Instructively Bad Writing – Part VI

Amazon is a filled with authors who lost patience with the process and self-published too early.  They are not necessarily bad writers, nor did they necessarily write bad books.  They did, however, write bad opening paragraphs.

In this series, I pick random opening paragraphs from self-published novels and deconstruct what went wrong.  I have not read the entire book, and for all I know they’re fantastic.  But the opening paragraph doesn’t give me much hope.

So here we go.  Let’s dive in together and learn what we can from instructively bad writing.

Original, unedited first paragraph

Bad writing.png

Normally, I break these down a sentence at the time, but for this one I want to look at the opening at a higher level.  It’s a great example of my biggest fear with writing, something I spend a lot of time thinking about.  The technical skill in this writing isn’t “bad”.  It’s perfectly serviceable.  This is not a “bad” writer.

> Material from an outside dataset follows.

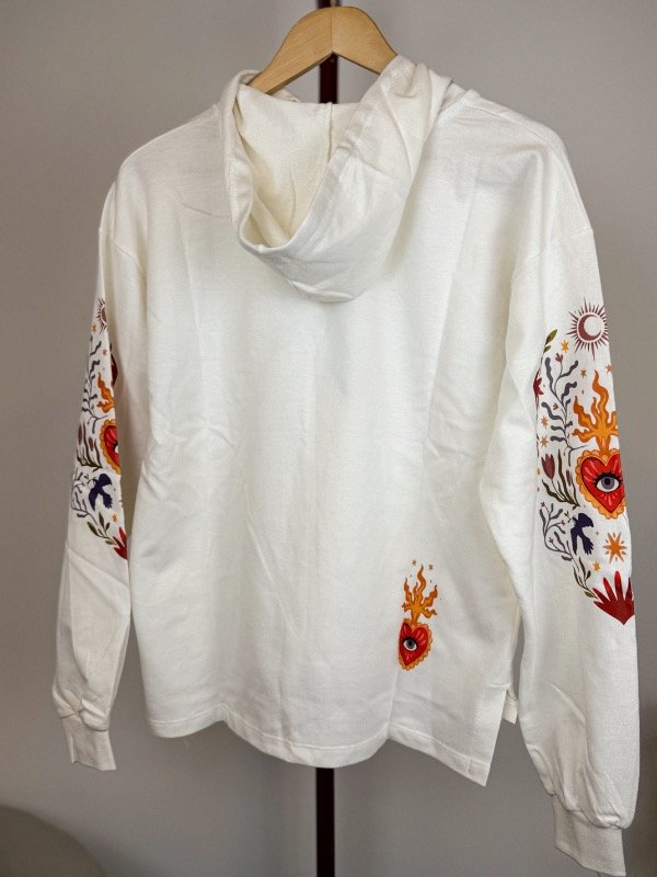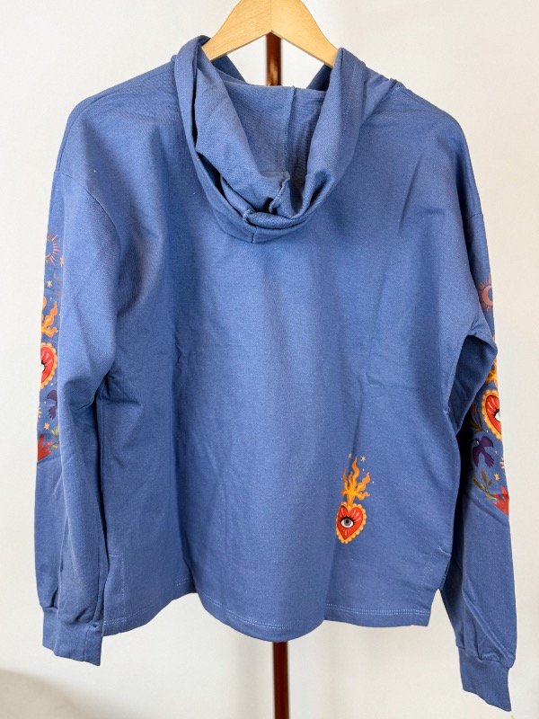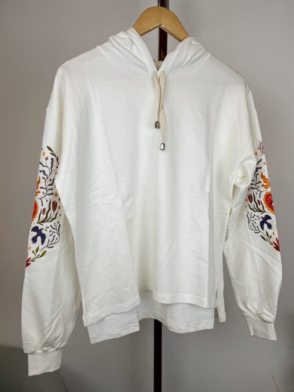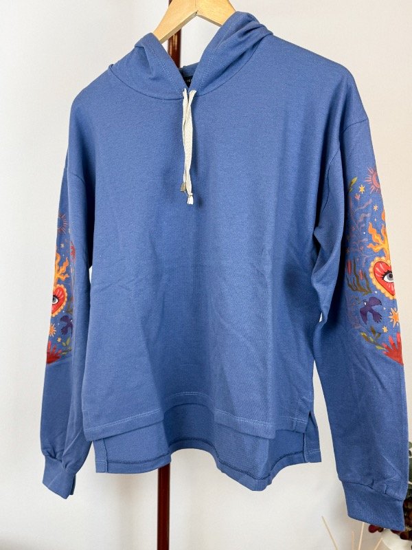 Buzo de rústico 100% algodón, con capucha, estampado en las mangas y la capucha. Más corto adelante que atrás.
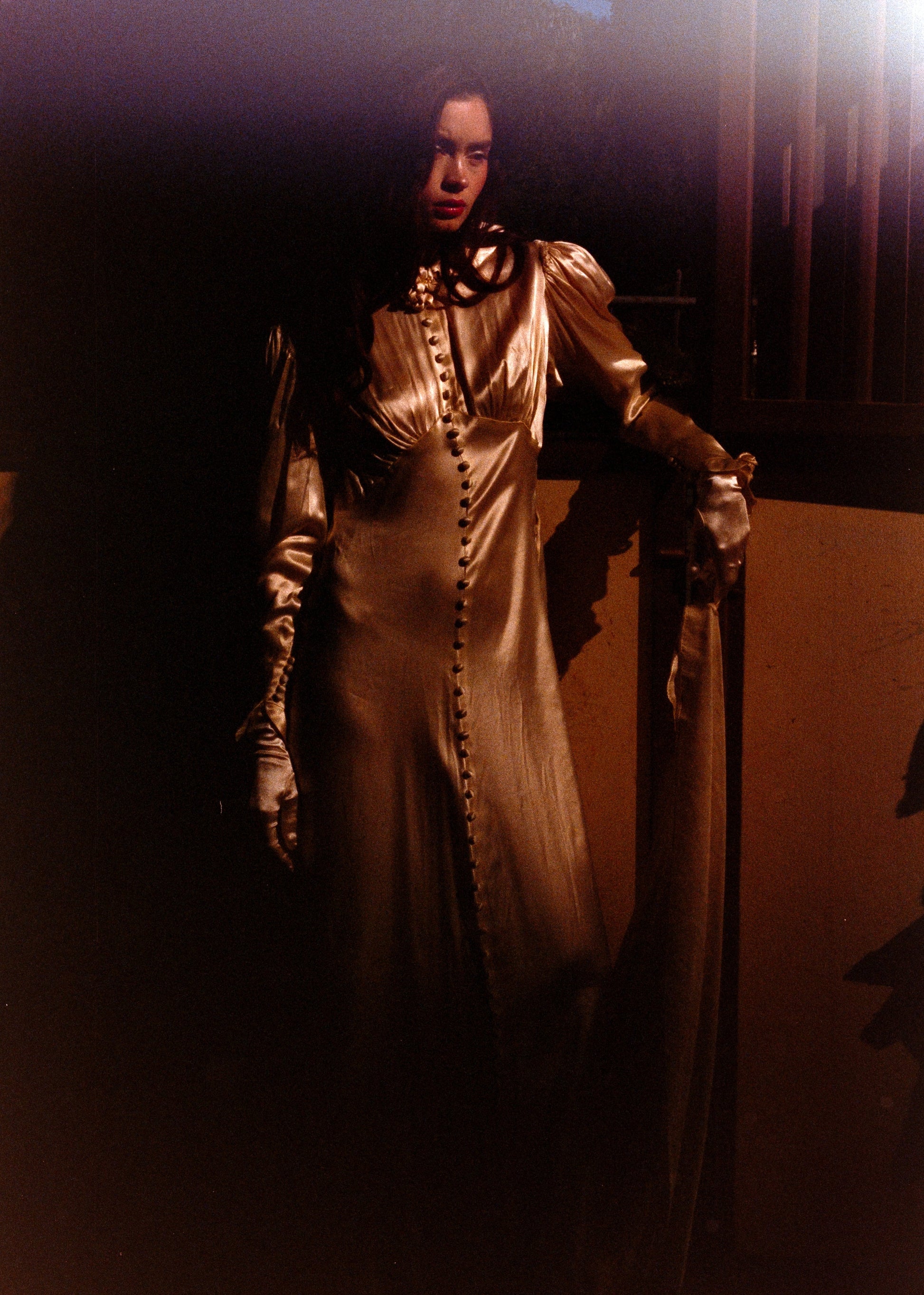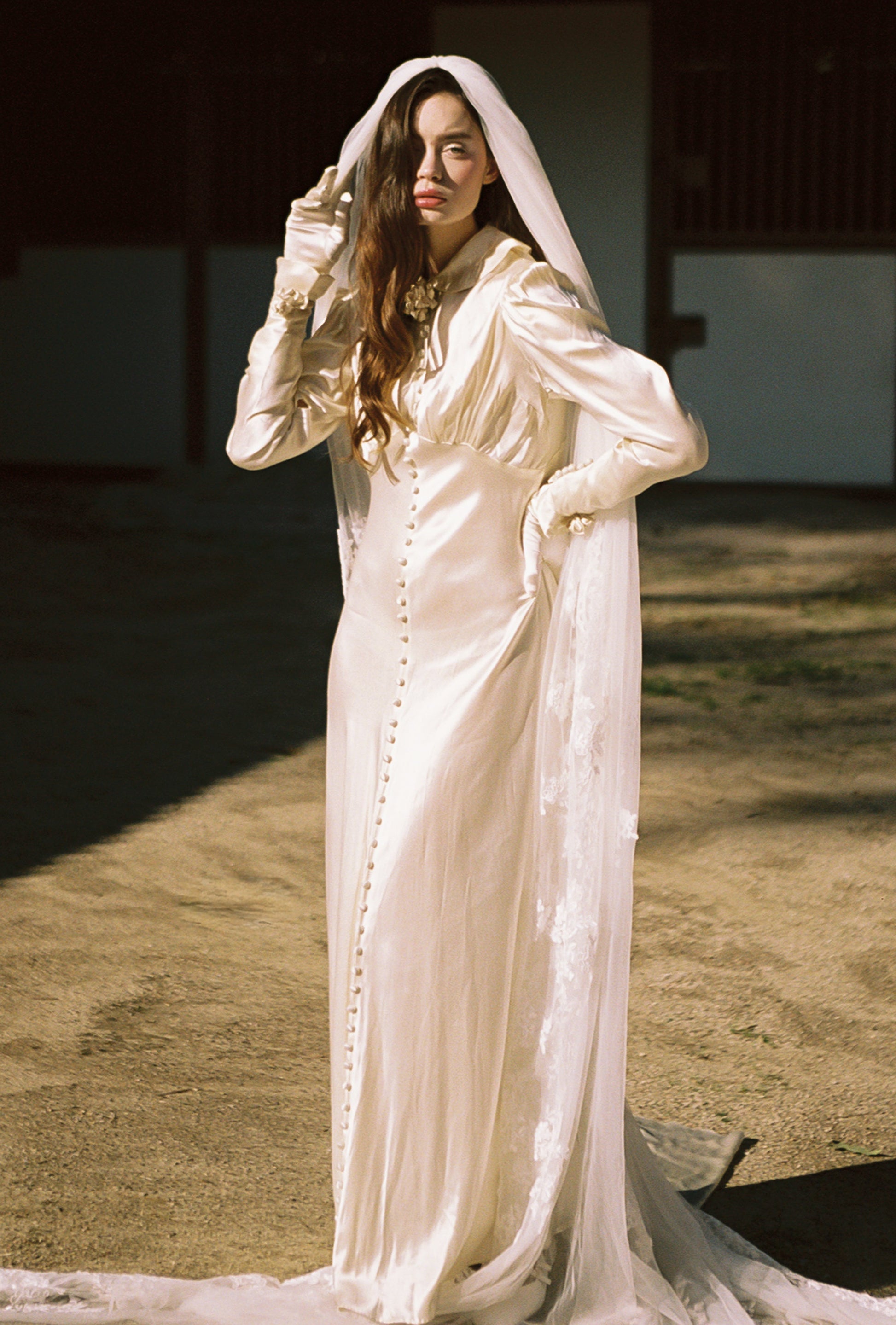 Step into Old Hollywood romance with this breathtaking authentic antique 1930s warm ivory silk charmeuse wedding gown, a rare piece of bridal history that beautifully captures the glamour and elegance of the 1930's bygone era. With its luminous drape, sculptural seams, and handcrafted detailing, this gown is an heirloom-quality treasure for collectors, stylists, and vintage-loving brides.

But this is a bad opening.

Obviously this is subjective, but when I read this, I was bored about two sentences in.  I spent a lot of time reading and rereading this, trying to figure out what went wrong and why – if the writing was technically competent – the opening didn’t land.

I have a few ideas.

#1. The first three paragraphs convey the exact same message

The point the author is trying to get across is that it’s an idyllic setting, about to be disrupted.  Fine.

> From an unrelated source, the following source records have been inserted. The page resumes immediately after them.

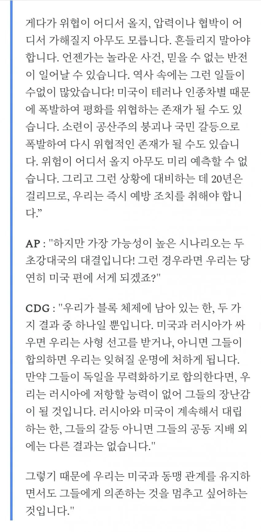 "두 강대국이 대치하고 있다면 우리는 사형 선고를 받거나, 잊혀질 운명. 둘 중 하나다."
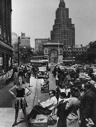 La peça, que porta per títol Greenwich Art Show, és el retrat d’un fotògraf, una dona i una ciutat, explicada a través de les fotografies que el nostre protagonista va fer entre els anys 1942 i 1945. Aquesta peça pretén ser un biopic del fotògraf i una de les dones que casualment posa en diverses de les seves fotografies, suposadament documentals. Aquesta casualitat va desencadenar la possibilitat que el fotògraf de premsa, conegut com un dels pares de la fotografia sincera, fingís retratar la veritat dels carrers, fent-se anomenar a si mateix fotoperiodista quan en realitat són escenificacions amb actors més pròpies de la foto d’autor. Macarena Recuerda Shepherd M’interessa trobar noves estructures narratives, on les seves seqüències fixes possibiliten una lectura diagramàtica. Una lectura que permeti una sèrie de relacions i associacions, ja que de la mateixa manera que les paraules i les frases obtenen el seu significat una vegada que es vincula amb la ment del lector, les imatges consecutives poden obrir una infinitat de possibles lectures. |
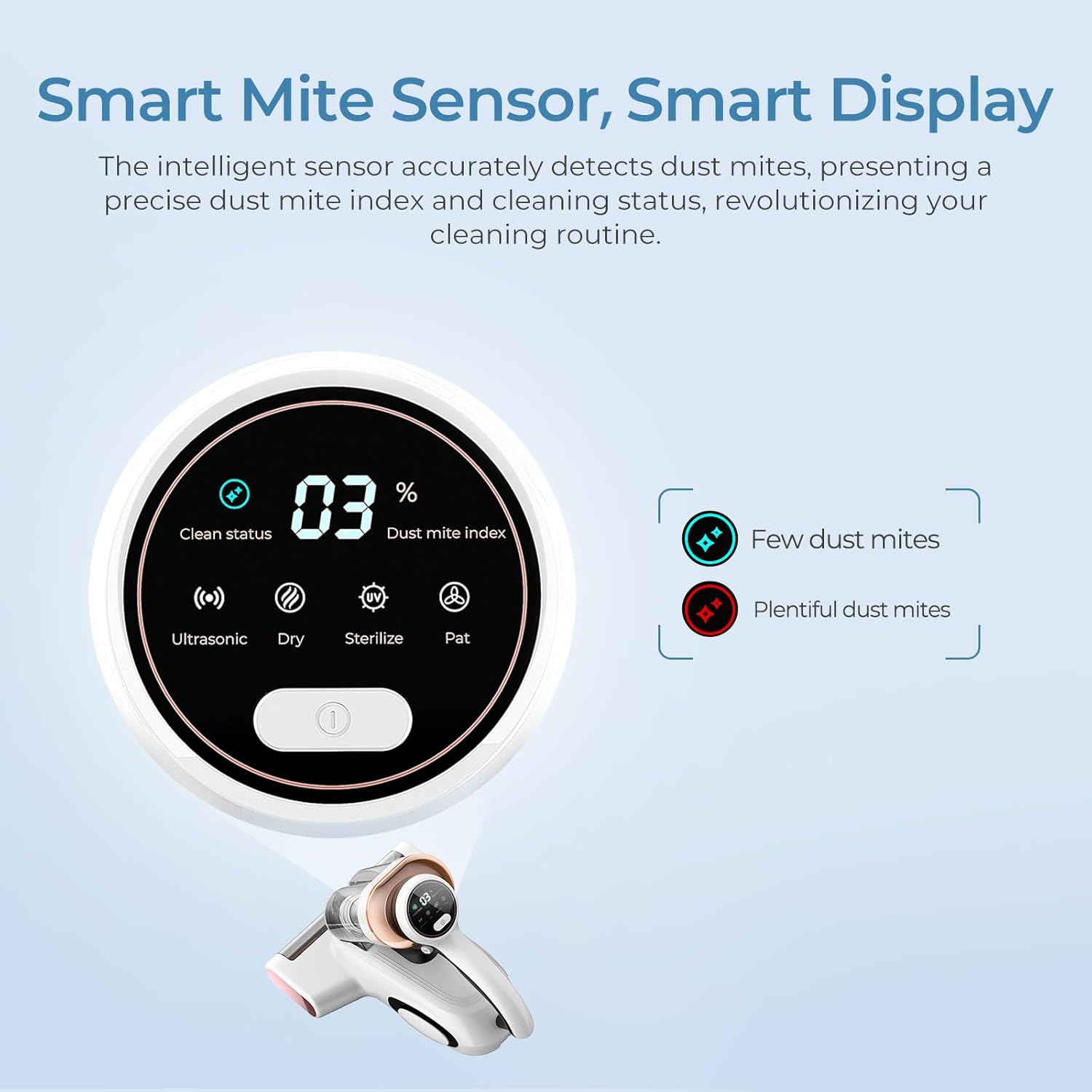 - Smart Mattress Vacuum Cleaner: The mattress vacuum continuously detects allergens on the surface,when detected the indicator turns red, when the indicator light turns green, it means the area has been thoroughly cleaned.Our bed vacuum combines powerful ultrasonic+high-frequency tapping+strong suction+UV+heating+Smart Sensor, 5 in1function remove various visible dust and invisible-allergens for deep cleaning.
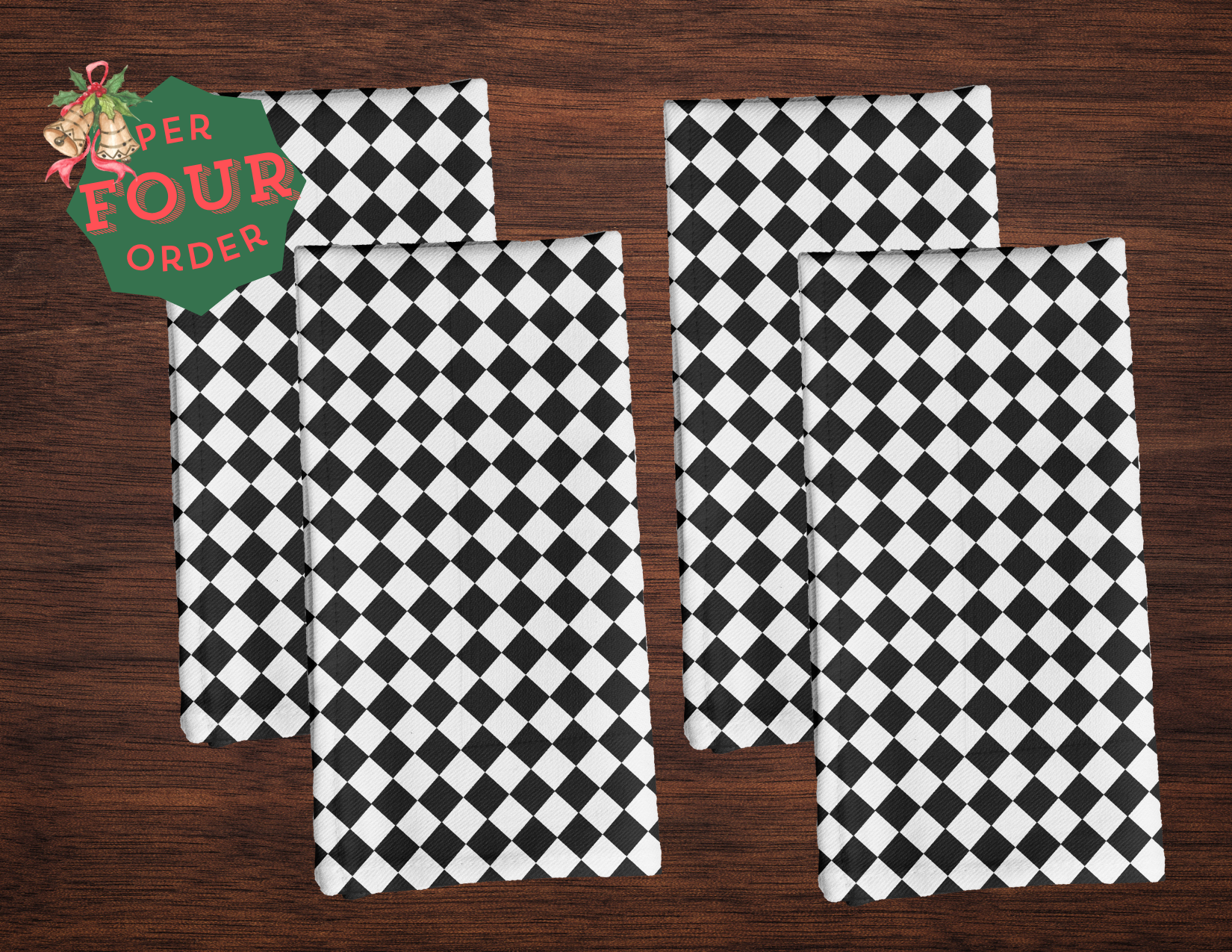 Black & White Argyle Polyester Napkins | Christmas Holiday Cloth Napkin Set, Elegant Farmhouse Dining Décor

Let’s look at the first three paragraphs, not for the words, but for the concepts conveyed in the sentences.   All three follow the identical format:

Here is a thing.  Here is the thing described, using an estimated number.  Now they are doing something routine.  I will remark cynically on their innocence.  I will end with an ominous sentence.

Watch, let’s break apart those first three paragraphs into those headings I invented:

Here is a thing:

Paragraph 1: Two children
Paragraph 2: Their mother..
Paragraph 3: Their home…

Here is the thing described, using an estimated number

Paragraph 1: They were young, perhaps two and four years old.  The older one was a boy, the younger one a girl.
Paragraph 2: An attractive woman in her early thirties
Paragraph 3: A large development containing roughly three hundred homes

Now they are doing something routine

Paragraph 1: They chased each other around the swing set
Paragraph 2: She was hanging wet laundry
Paragraph 3: nestled itself in the hills of Southern Pennsylvania

I will remark cynically on their innocence

Paragraph 1: They were still at an age where they saw life as a privilege
Paragraph 2: smiling at their joy, their innocence, their untarnished view of the world
Paragraph 3: paragraph 3 skipped this part.

I will end with an ominous sentence

Paragraph 1: They weren’t old enough to know any better yet
Paragraph 2: The three of them appeared completely oblivious to the dangers lurking just beyond
Paragraph 3: And it was within those dense trees that the danger lurked.

So.. yeah.  That’s my problem with the first three paragraphs.  They convey an identical message to the reader.  That’s why I found it so boring.  But here’s the thing, it took me awhile to figure that out.  That’s why I find writing so difficult.  I’ve for sure made this mistake in my own writing.

#2. The next four paragraphs are a big ‘ole dump of information.

In the next four paragraphs, we learn

  • Michi has joined SOURCE
  • weirdly bland details about Max, the charismatic leader
  • there was an incident in Baltimore
  • Michi has a sister and mother
  • SOURCE is about to attack the homestead.

Holy crap!  That’s like…. a fuckton of information to throw at the reader.  It’s given in a rapid staccato with no measure or elegance.  It’s a crap ton of data, crammed in.

What’s worse is we really don’t learn anything about Michi, who I assume is the main character.  Why did he “eagerly” join SOURCE?  How does he feel about watching the Homestead?  Is he bothered that they’re about to be attacked?  Is he flush with the anticipation of upcoming battle?  Does he miss his sister?  Frig man, give me one tangible piece of characterization to hold on to!

So.. yeah.  8 paragraphs to describe a family who (I’m guessing) will never be seen again and to introduce a huge ton of “tell-y” not “show-y” details about a very vanilla main character.

But – it’s not bad writing!  See why writing is so hard?  It’s almost like what you choose to write about is more important than how you write it.

Shit, that’s pretty pithy.  I should make a t-shirt.